5.81 The NDIS Act currently provides that the CEO of the NDIA may appoint a plan nominee or a correspondence nominee at the request of the participant, or on the initiative of the CEO.[78] The CEO of the NDIA must take into account several factors in determining whether to appoint a particular nominee.[79] In addition, the CEO has the power to make an appointment for a particular period[80] and power to limit the scope of the appointment.[81] The Rules provide that:
It is only in rare and exceptional cases that the CEO will find it necessary to appoint a nominee for a participant who has not requested that an appointment be made. In appointing a nominee in such circumstances, the CEO will have regard to the participant’s wishes and the participant’s circumstances (including their formal and informal support networks).[82]
5.82 This general principle is expanded upon in r 3.14, which provides that the CEO, when deciding to appoint a nominee must:
(a) consult with the participant; and
(b) have regard to the following:
(i) whether the participant would be able to participate effectively in the NDIS without having a nominee appointed;
(ii) the principle that a nominee should be appointed only when necessary, as a last resort, and subject to appropriate safeguards;
(iii) whether the participant has a court-appointed decision-maker or a participant-appointed decision-maker;
(iv) whether the participant has supportive relationships, friendships or connections with others that could be:
(A) relied on or strengthened to assist the participant to make their own decisions; or
(B) improved by appointment of an appropriate person as a nominee;
(v) any relevant views of:
(A) the participant; and
(B) any person (including a carer) who assists the participant to manage their day-to-day activities and make decisions; and
(C) any court-appointed decision-maker or participant-appointed decision-maker.
5.83 Rule 3.14 requires that the decision is taken with regard to the wishes of the applicant and in the context of available supports.

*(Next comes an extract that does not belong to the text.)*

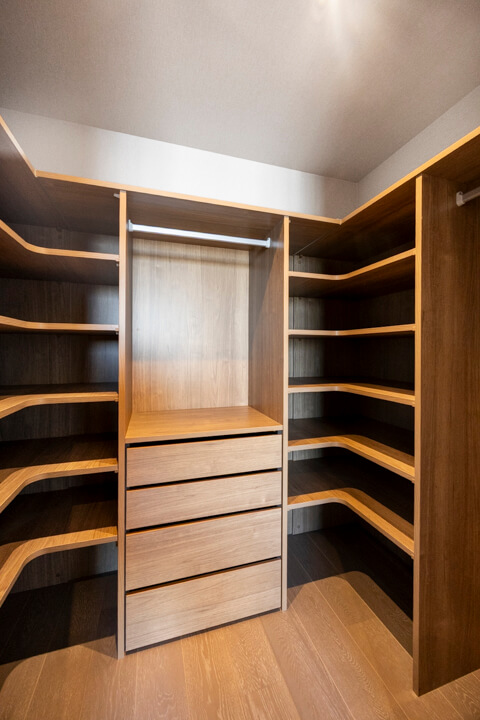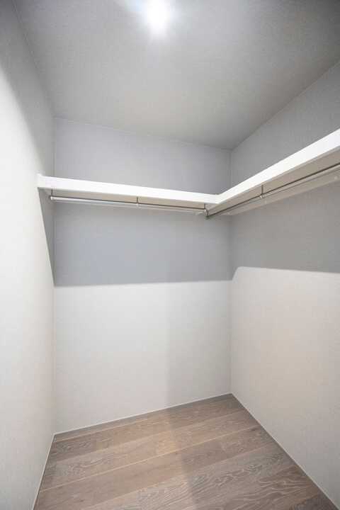 WIC(ウォークインクローゼット)完備で収納力◎。中にはハンガーパイプと可動棚、引き出しが設置されています。洋服はもちろん、鞄や靴下などの小物も整理整頓しやすいですね。すっきり収納し、居室空間を有効活用できそうです。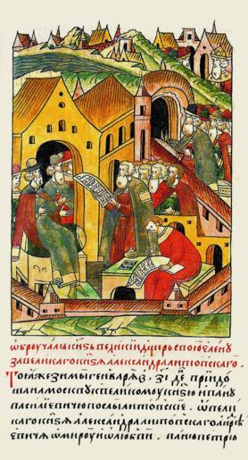 | Keywords: Facial Chronicle - b.17, p. 161 - Elena Ivanovna's engagement.gif Об учал великий князь свою дочь Елену за великого князя Ли- товского Александ а В ту же зиму янва я в 17 день п ишли в о- скву к великому князю Ивану Васильевичу литовские послы от великого князя Ли- товского Александ а Анд еевича с ми ом и любовью пан Пет http //sterligoff ru/books/Rus_Kniga 2018 pdf 16th-century anonymous PD-Old Facial Chronicle v 8 - Shumilovskiy tom 1425; 1478-1533 Files uploaded by Shakko from various sources Helen of Moscow 1513 in Russia |

The Rules also provide that
An example of a circumstance in which a nominee might be appointed without a request from the participant is where the CEO considers that the participant needs a nominee, but is unable to request appointment himself or herself, even with support. In such circumstances, the initiative might come from a carer or other person who offers to be the nominee.[83]
5.84 Stakeholders expressed concern about provisions that enable the CEO or delegate to appoint a nominee on the initiative of the agency, rather than at the request of the participant.[84] DANA, for example, submitted that the power is ‘largely unfettered’ and gives the CEO or delegate
considerable freedom to appoint or cancel appointment of a nominee with or without the agreement of the participant or respect for the participant’s wishes, with or without regard for any existing guardianship, power of attorney or other substitute decision-making arrangement for the participant, and most importantly with or without first seeking to support and enable the participant to make the required decisions for him/her-self. This appointment power appears to give little regard to enabling the decision-making capacity of participants.[85]
5.85 Similarly, the National Association of Community Legal Centres submitted the current provisions give the agency ‘considerable power’ to appoint a nominee and do not require ‘consideration or facilitation of the decision-making capability of the person with disability’—and that such provisions should not be replicated under the Commonwealth decision-making model.[86]